Compared with the previous use of HEMC as a method for evaluating IR, TyG is more convenient and easier to obtain and calculate (Tao et al., 2022). A previous study used different screening metrics to predict the association between metabolic-associated fatty liver disease and nonalcoholic fatty liver disease (NAFLD). In women, TyG-WHtR had the best performance in identifying MAFLD/NAFLD. In men, TyG-WC had the best performance in identifying MAFLD/NAFLD (Peng et al., 2023). A recent study showed that TyG-BMI is more effective in predicting prediabetes (Jiang et al., 2021). Further, TyG-related indicators have a practical value in clinical practice. Our study results were comparable to those of prior investigations conducted by Lee et al. (Lee et al., 2023), which explored the association between modified triglyceride index and periodontitis among Korean adults. This study emphasized that the TyG-WHtR index emerged as a superior predictor of the association between periodontitis and IR. However, different results were obtained for the association between TyG-BMI and TyG-WC and periodontitis, which can be possibly attributed to the various characteristics of the populations. BMI, WC, and WHtR are three common anthropometric measures. BMI is the most widely used method for assessing adiposity. Nevertheless, it cannot differentiate the other components of body weight, such as bones, muscles, and internal organs and does not reflect fat distribution. Further, it is affected by region and disease (Kleine et al., 2018). WC is an indicator of abdominal obesity. Nevertheless, height affects accuracy (Browning et al., 2010). In contrast, WHtR, which is another indicator of abdominal obesity, has earned support from systematic evaluations and meta-analyses due to its efficacy in predicting cardiovascular and metabolic risks (Ashwell et al., 2012). Further, the analysis was extended by conducting a comparative assessment of HOMA-IR and TyG-related indices, thereby providing a more comprehensive view of the underlying metabolic associations.

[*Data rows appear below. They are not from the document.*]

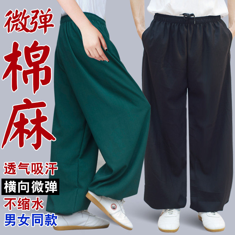 Летние дышащие эластичные штаны для единоборств для тренировок, спортивная одежда, из хлопка и льна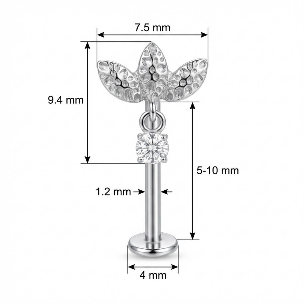 Ajoute une touche nature et glamour à ton style. Ce bijou dévoile trois feuilles à la texture martelée unique, accompagnées d'un petit cristal suspendu qui capte la lumière à chaque mouvement. Fabriqué en titane de qualité supérieure, il est aussi doux pour ta peau qu'il est stylé. L'accessoire idéal pour sublimer ta composition d'oreille.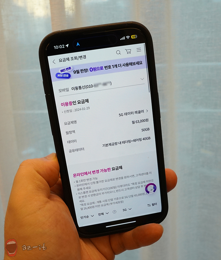 요금제 조회/ 변경 메뉴를 클릭해보았습니다. 현재 이용 중인 요금제 신청일을 시작으로 요금제명/ 월정액/ 제공되는 데이터와 공유 데이터 내용까지 한눈에 확인할 수 있었는데요, 요금제 명을 클릭하면 선택 가능한 다른 요금제와 비교하고 바로 변경도 가능해 편리했습니다.

Our study revealed that HOMA-IR score and TyG-WHtR were superior than the other indices in predicting periodontitis. HOMA-IR requires the measurement of endogenous insulin, which is not involved in basic and routine blood tests. WHtR is an easily usable marker of generalized and abdominal obesity. Another study shows that WHtR is a more accurate indicator of cardiometabolic risk factors, particularly when detecting abdominal fat accumulation, than WC and BMI (Iliodromiti et al., 2018).
Our study provides novel information showing that HOMA-IR score and TyG-WHtR index can be early biomonitoring markers of periodontitis in susceptible populations. This study had several limitations: First, the results of the current study might have been influenced by selection bias, and cohort studies could provide more robust evidence. Second, this study had a relatively small sample size as some individuals had missing data. Therefore, the generalizability of the TyG-related indicators in larger populations should be cautiously evaluated.